> Task material
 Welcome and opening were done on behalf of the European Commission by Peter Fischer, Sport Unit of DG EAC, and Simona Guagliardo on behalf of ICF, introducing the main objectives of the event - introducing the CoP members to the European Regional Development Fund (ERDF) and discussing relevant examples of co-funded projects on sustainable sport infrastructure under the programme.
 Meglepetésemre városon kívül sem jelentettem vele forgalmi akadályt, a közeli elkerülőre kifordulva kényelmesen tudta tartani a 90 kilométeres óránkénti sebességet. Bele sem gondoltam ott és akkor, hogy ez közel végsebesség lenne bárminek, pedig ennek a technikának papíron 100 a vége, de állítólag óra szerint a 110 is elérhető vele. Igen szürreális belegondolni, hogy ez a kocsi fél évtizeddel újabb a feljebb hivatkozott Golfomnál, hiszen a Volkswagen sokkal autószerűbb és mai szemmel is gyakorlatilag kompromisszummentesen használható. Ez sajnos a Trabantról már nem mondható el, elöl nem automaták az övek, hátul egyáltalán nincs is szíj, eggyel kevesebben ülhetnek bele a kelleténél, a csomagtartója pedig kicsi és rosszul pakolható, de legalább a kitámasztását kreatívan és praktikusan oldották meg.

==

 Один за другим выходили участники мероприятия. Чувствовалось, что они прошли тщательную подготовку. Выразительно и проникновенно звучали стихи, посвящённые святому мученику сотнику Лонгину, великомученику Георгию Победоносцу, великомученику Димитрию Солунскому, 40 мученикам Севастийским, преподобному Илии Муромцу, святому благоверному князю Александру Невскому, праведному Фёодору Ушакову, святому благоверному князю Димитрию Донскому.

> Task directions
Only the lines above starting at the line that holds "Welcome and opening" and ending at the line that holds "Meglepetésemre városon kívül" are to be repeated, exactly and in full.

> Solution for this exercise
 Welcome and opening were done on behalf of the European Commission by Peter Fischer, Sport Unit of DG EAC, and Simona Guagliardo on behalf of ICF, introducing the main objectives of the event - introducing the CoP members to the European Regional Development Fund (ERDF) and discussing relevant examples of co-funded projects on sustainable sport infrastructure under the programme.
 Meglepetésemre városon kívül sem jelentettem vele forgalmi akadályt, a közeli elkerülőre kifordulva kényelmesen tudta tartani a 90 kilométeres óránkénti sebességet. Bele sem gondoltam ott és akkor, hogy ez közel végsebesség lenne bárminek, pedig ennek a technikának papíron 100 a vége, de állítólag óra szerint a 110 is elérhető vele. Igen szürreális belegondolni, hogy ez a kocsi fél évtizeddel újabb a feljebb hivatkozott Golfomnál, hiszen a Volkswagen sokkal autószerűbb és mai szemmel is gyakorlatilag kompromisszummentesen használható. Ez sajnos a Trabantról már nem mondható el, elöl nem automaták az övek, hátul egyáltalán nincs is szíj, eggyel kevesebben ülhetnek bele a kelleténél, a csomagtartója pedig kicsi és rosszul pakolható, de legalább a kitámasztását kreatívan és praktikusan oldották meg.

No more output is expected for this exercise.